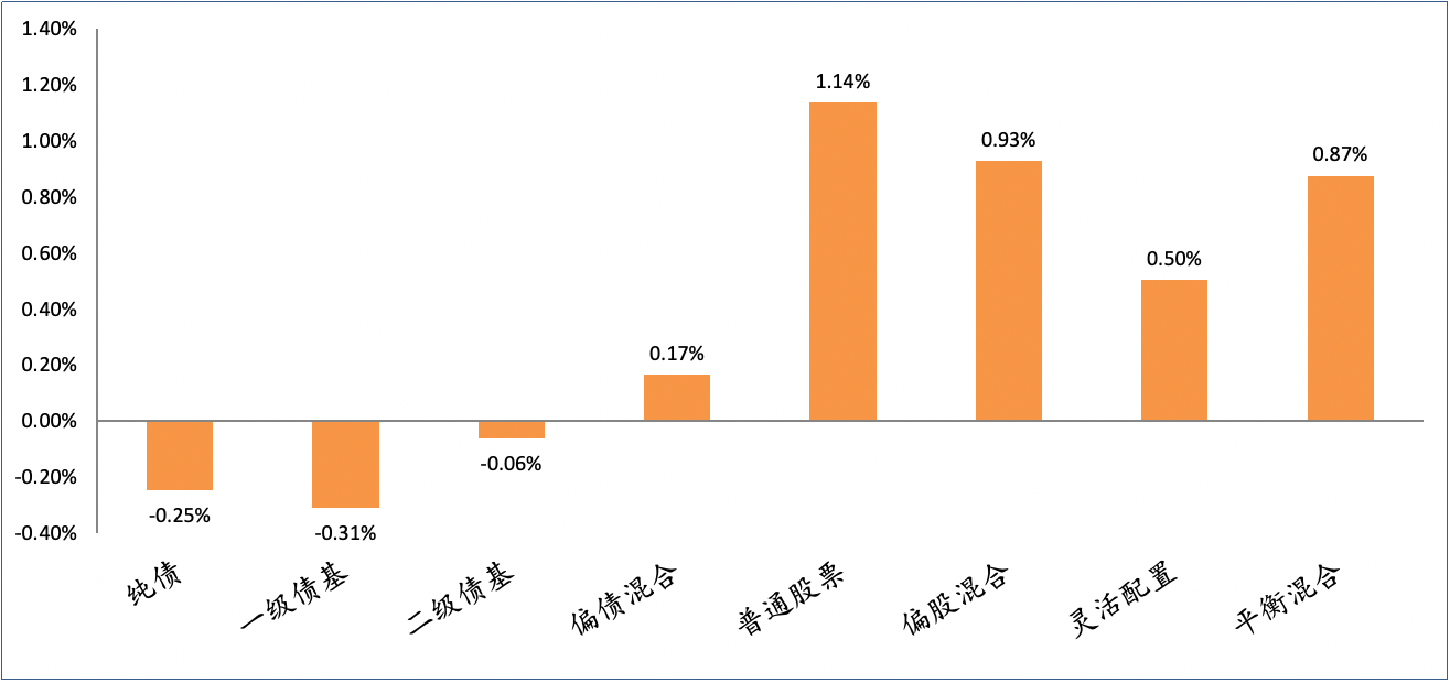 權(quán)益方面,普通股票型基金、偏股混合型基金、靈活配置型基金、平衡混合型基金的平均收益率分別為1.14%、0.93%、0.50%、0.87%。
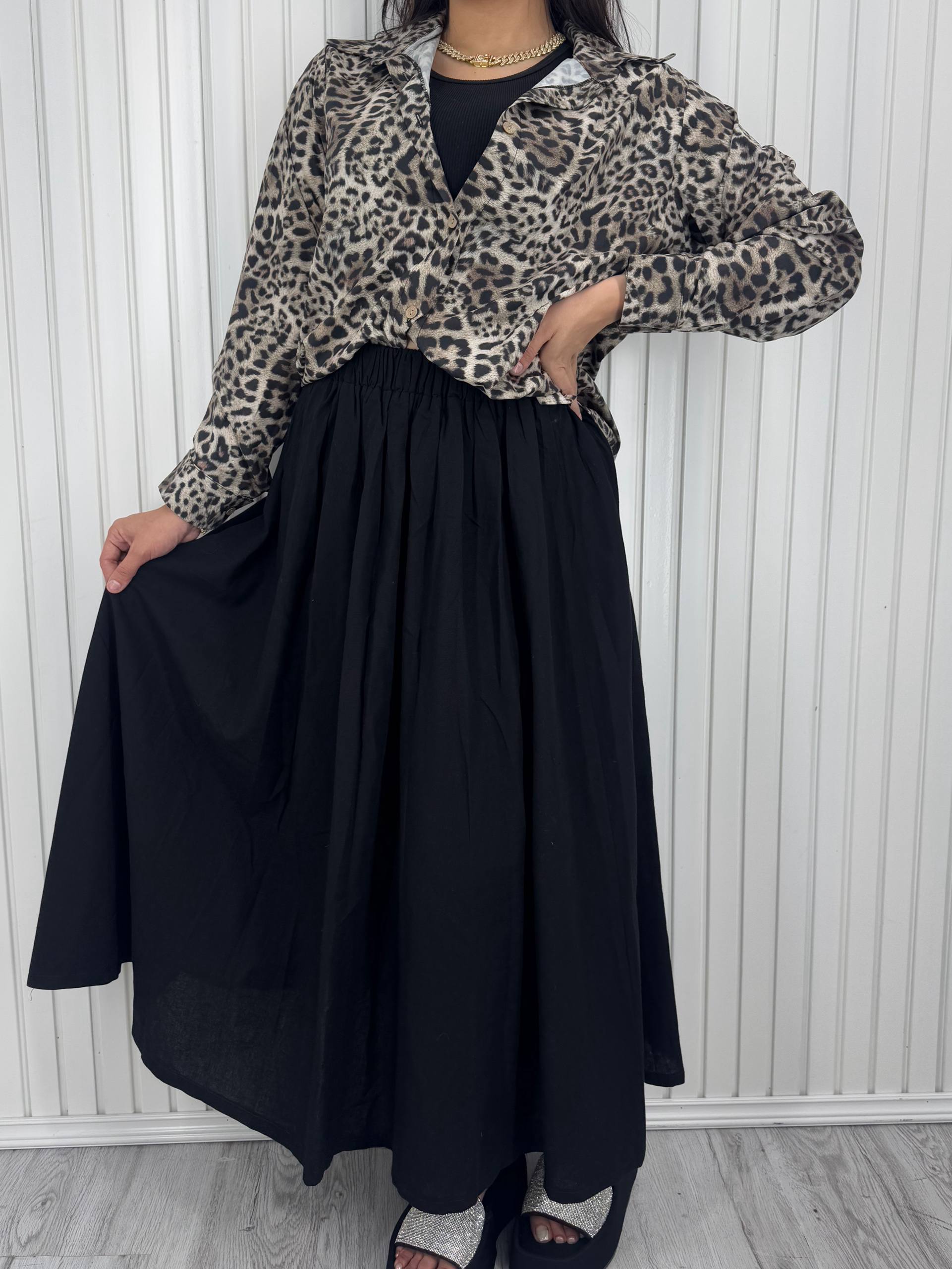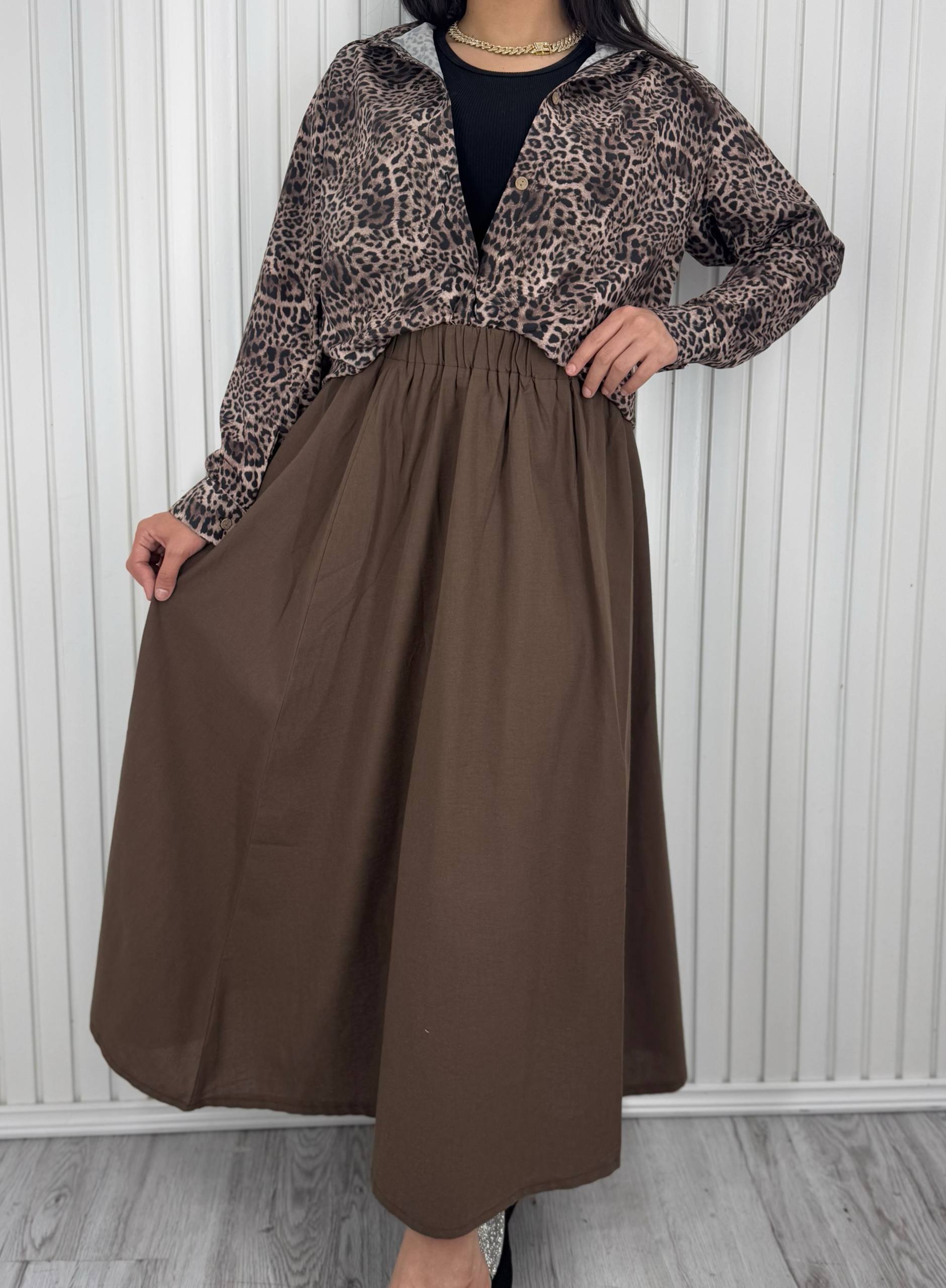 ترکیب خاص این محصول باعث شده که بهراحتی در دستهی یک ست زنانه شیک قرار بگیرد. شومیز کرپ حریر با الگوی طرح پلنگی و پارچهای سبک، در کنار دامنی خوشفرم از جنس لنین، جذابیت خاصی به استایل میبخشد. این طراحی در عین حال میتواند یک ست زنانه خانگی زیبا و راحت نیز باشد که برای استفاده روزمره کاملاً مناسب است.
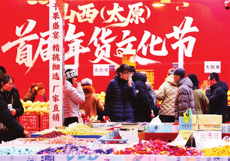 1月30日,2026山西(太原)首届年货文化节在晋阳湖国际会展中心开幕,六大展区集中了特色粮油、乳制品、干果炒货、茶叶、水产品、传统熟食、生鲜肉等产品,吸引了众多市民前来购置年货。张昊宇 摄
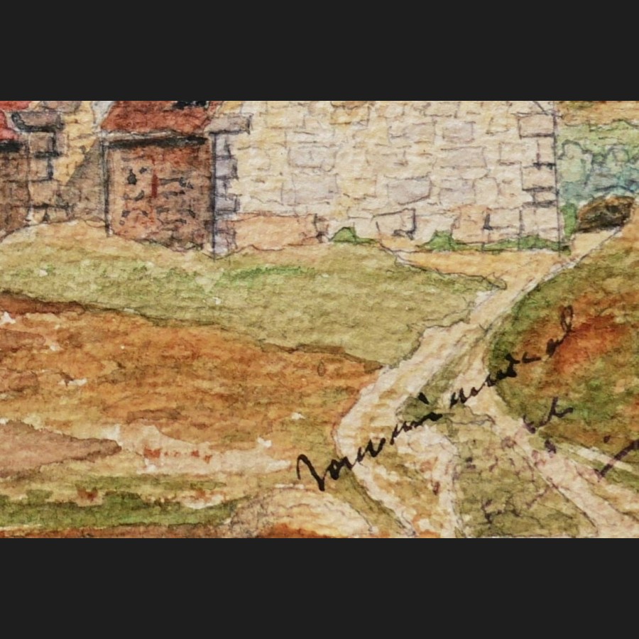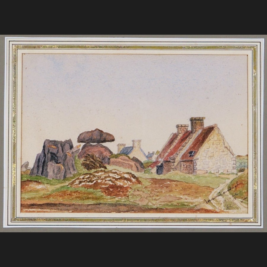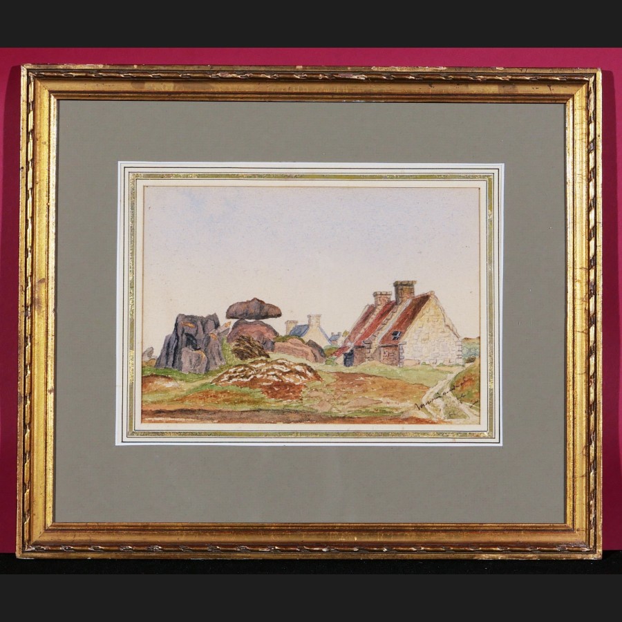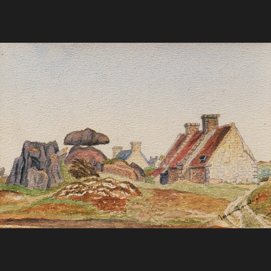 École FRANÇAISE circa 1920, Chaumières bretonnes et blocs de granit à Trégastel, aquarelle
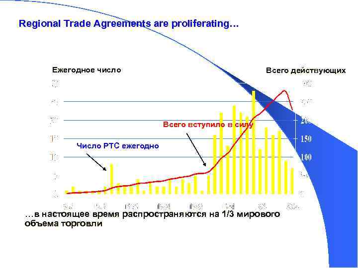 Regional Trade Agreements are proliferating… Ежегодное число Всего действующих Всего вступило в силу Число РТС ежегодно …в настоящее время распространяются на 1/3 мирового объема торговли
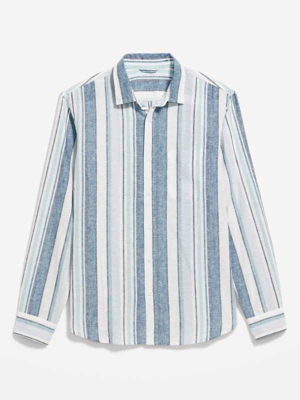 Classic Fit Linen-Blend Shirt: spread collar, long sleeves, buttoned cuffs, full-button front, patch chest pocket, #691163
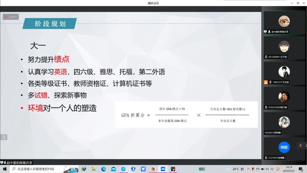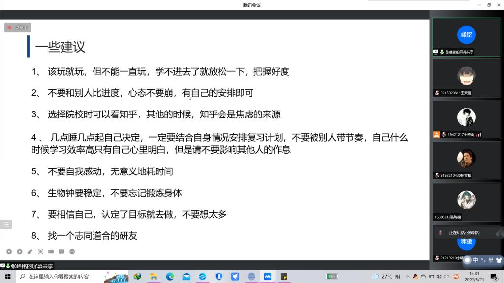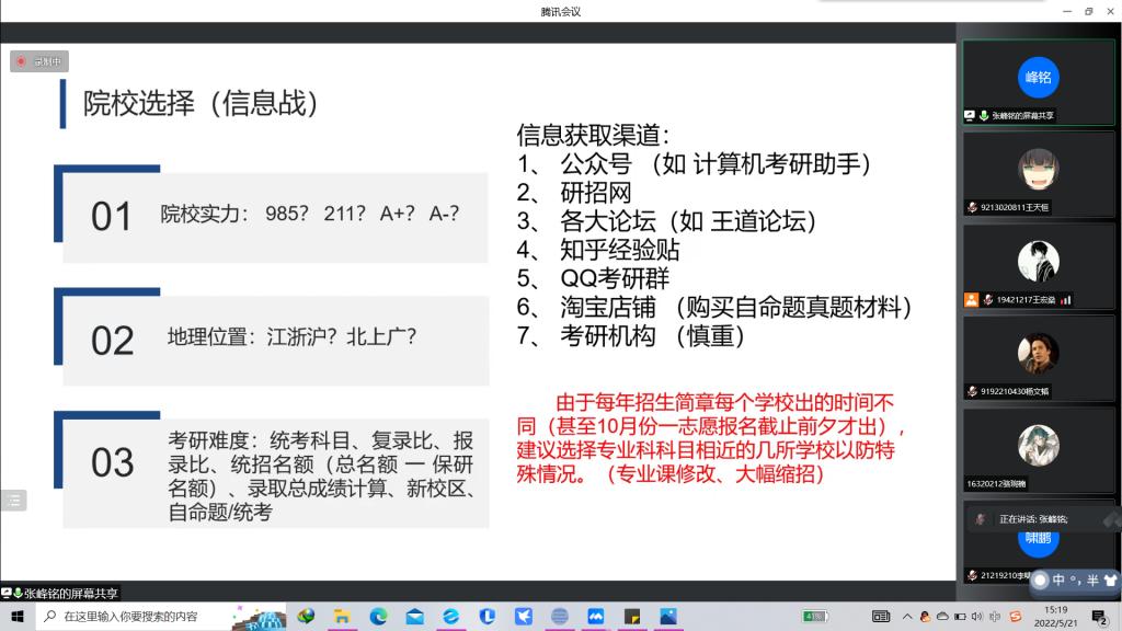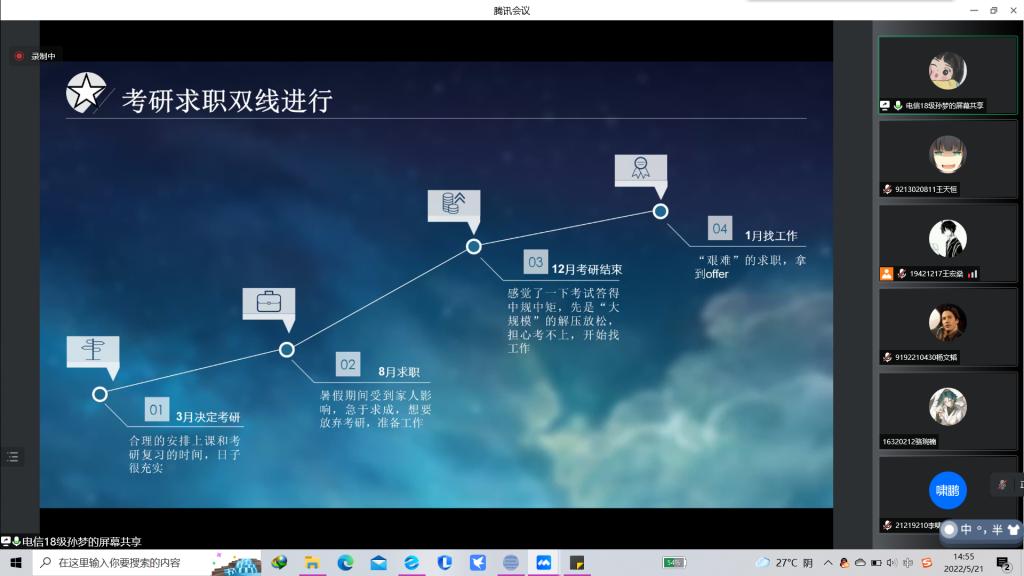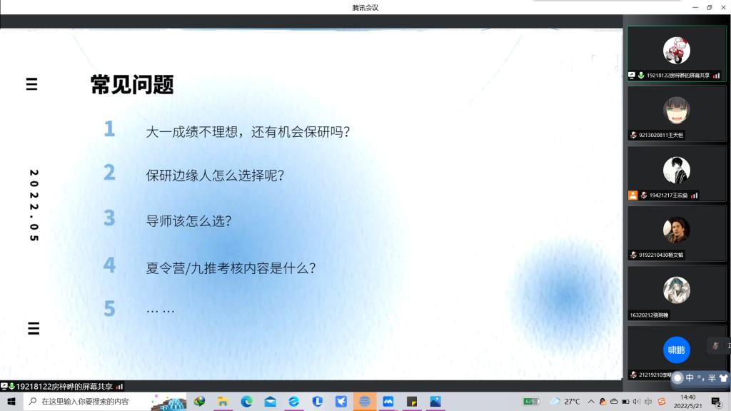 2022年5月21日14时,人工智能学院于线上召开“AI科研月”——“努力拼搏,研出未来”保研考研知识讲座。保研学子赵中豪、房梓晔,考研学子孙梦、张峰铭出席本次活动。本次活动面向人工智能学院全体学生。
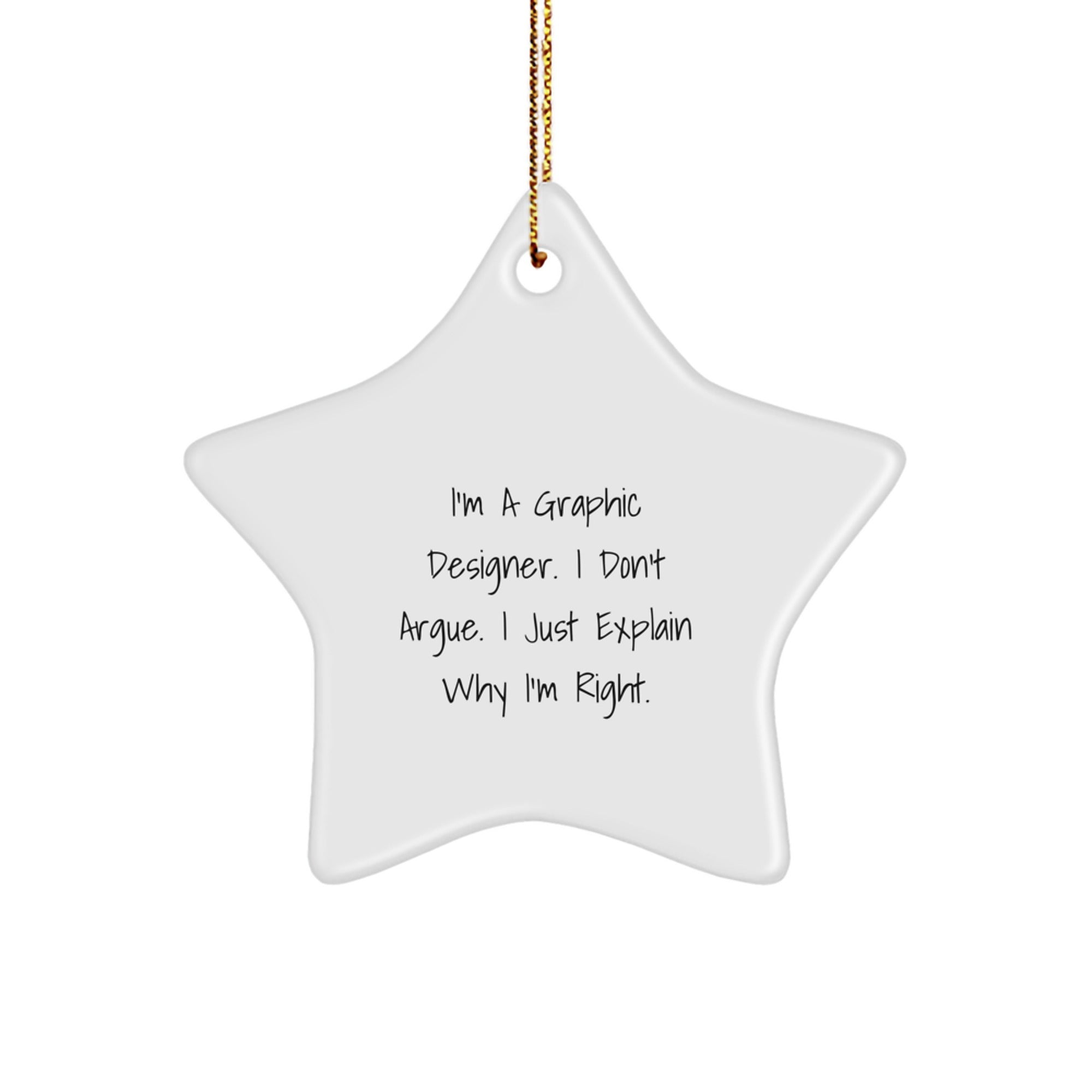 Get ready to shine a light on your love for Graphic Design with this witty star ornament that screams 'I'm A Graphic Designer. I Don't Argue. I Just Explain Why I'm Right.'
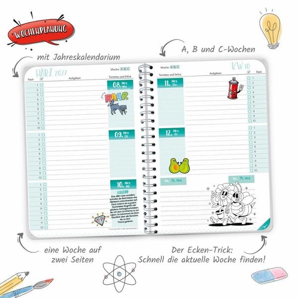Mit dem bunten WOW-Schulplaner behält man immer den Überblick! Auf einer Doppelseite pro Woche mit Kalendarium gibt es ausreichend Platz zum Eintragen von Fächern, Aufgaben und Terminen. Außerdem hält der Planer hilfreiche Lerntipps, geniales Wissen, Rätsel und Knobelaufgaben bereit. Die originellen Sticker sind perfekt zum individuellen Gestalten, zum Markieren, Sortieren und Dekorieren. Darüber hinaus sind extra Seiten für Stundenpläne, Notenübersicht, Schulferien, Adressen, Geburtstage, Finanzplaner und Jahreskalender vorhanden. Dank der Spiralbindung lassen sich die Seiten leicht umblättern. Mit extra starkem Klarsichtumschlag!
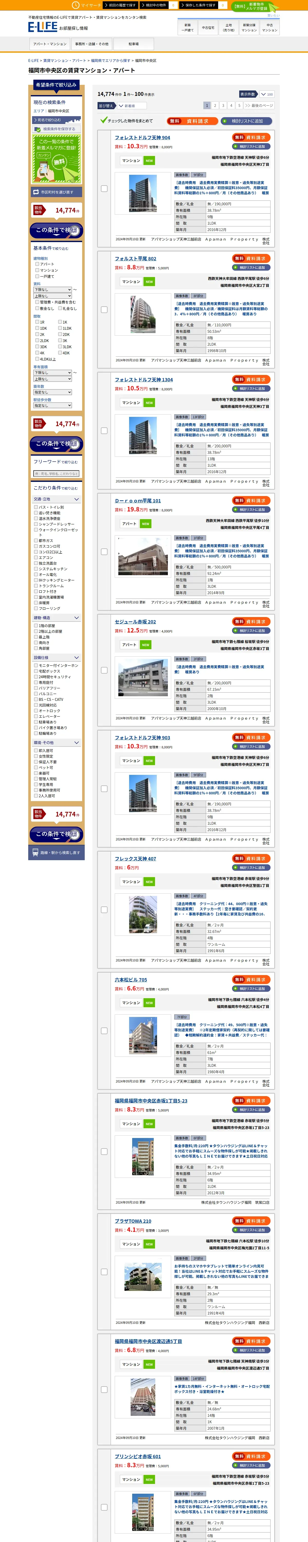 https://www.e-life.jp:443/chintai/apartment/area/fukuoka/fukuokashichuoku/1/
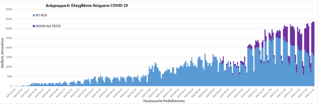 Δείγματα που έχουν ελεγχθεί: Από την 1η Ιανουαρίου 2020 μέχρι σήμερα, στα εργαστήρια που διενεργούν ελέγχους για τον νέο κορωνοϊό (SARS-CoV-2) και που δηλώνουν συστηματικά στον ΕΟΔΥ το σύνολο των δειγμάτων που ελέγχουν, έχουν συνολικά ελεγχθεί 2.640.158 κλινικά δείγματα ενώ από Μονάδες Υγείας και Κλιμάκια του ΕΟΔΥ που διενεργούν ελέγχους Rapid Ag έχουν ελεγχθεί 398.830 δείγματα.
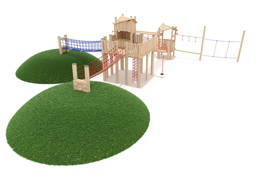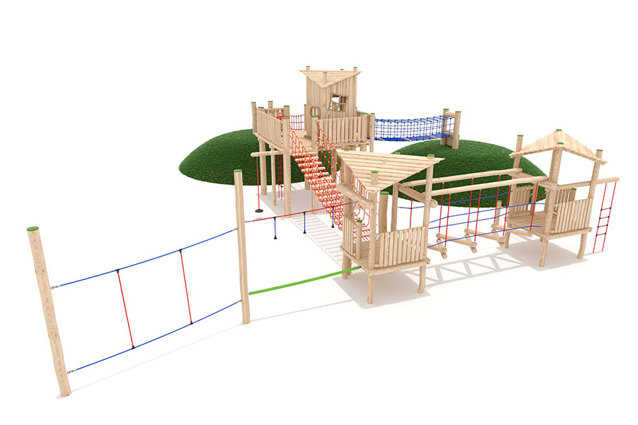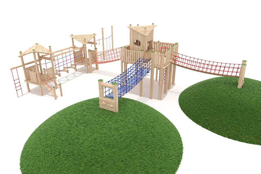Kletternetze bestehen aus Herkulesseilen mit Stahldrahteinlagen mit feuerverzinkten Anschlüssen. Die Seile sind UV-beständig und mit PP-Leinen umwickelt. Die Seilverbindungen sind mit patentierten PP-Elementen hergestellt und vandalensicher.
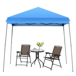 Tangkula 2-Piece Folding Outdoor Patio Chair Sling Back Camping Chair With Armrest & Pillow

• • • • •

Quote, exactly and only, the lines from the first line of the data above through the line containing "1月30日,2026山西(太". The pictures do not belong in it.

_Solution to this problem_:
 權(quán)益方面,普通股票型基金、偏股混合型基金、靈活配置型基金、平衡混合型基金的平均收益率分別為1.14%、0.93%、0.50%、0.87%。
 ترکیب خاص این محصول باعث شده که بهراحتی در دستهی یک ست زنانه شیک قرار بگیرد. شومیز کرپ حریر با الگوی طرح پلنگی و پارچهای سبک، در کنار دامنی خوشفرم از جنس لنین، جذابیت خاصی به استایل میبخشد. این طراحی در عین حال میتواند یک ست زنانه خانگی زیبا و راحت نیز باشد که برای استفاده روزمره کاملاً مناسب است.
 1月30日,2026山西(太原)首届年货文化节在晋阳湖国际会展中心开幕,六大展区集中了特色粮油、乳制品、干果炒货、茶叶、水产品、传统熟食、生鲜肉等产品,吸引了众多市民前来购置年货。张昊宇 摄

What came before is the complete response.